Exercise> No pictures should appear. The lines from the beginning of the listing through the one holding "9月26日晚,济源职业技术学" must be reproduced exactly, and nothing more.

Data below>

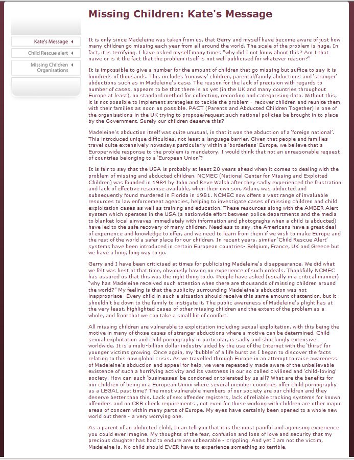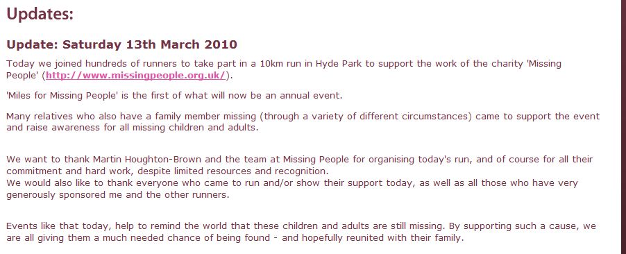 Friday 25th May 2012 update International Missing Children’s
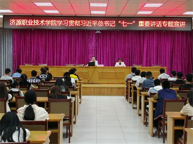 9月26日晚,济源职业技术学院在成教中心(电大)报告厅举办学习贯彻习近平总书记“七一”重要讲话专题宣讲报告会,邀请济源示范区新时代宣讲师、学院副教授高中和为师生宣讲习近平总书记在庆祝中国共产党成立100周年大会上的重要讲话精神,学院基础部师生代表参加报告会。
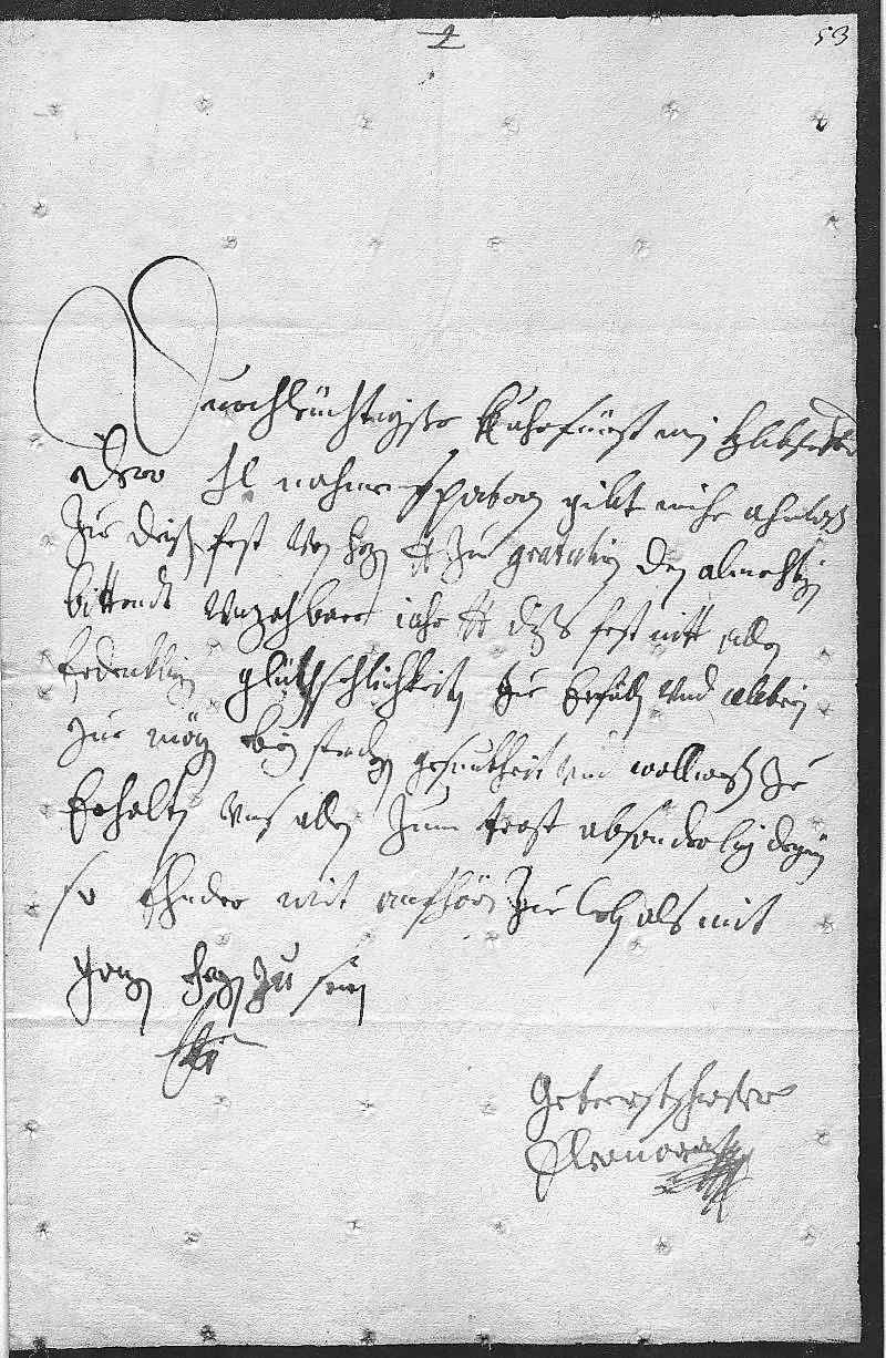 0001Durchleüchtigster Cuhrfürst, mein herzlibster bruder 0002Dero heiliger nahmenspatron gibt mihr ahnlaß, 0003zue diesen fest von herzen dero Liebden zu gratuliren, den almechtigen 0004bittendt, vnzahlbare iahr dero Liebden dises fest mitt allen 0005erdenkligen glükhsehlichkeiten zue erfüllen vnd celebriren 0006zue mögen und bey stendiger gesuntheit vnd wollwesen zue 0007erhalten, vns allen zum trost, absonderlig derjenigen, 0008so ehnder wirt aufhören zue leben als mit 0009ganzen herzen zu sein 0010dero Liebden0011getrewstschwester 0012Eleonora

Your response>
 Friday 25th May 2012 update International Missing Children’s
 9月26日晚,济源职业技术学院在成教中心(电大)报告厅举办学习贯彻习近平总书记“七一”重要讲话专题宣讲报告会,邀请济源示范区新时代宣讲师、学院副教授高中和为师生宣讲习近平总书记在庆祝中国共产党成立100周年大会上的重要讲话精神,学院基础部师生代表参加报告会。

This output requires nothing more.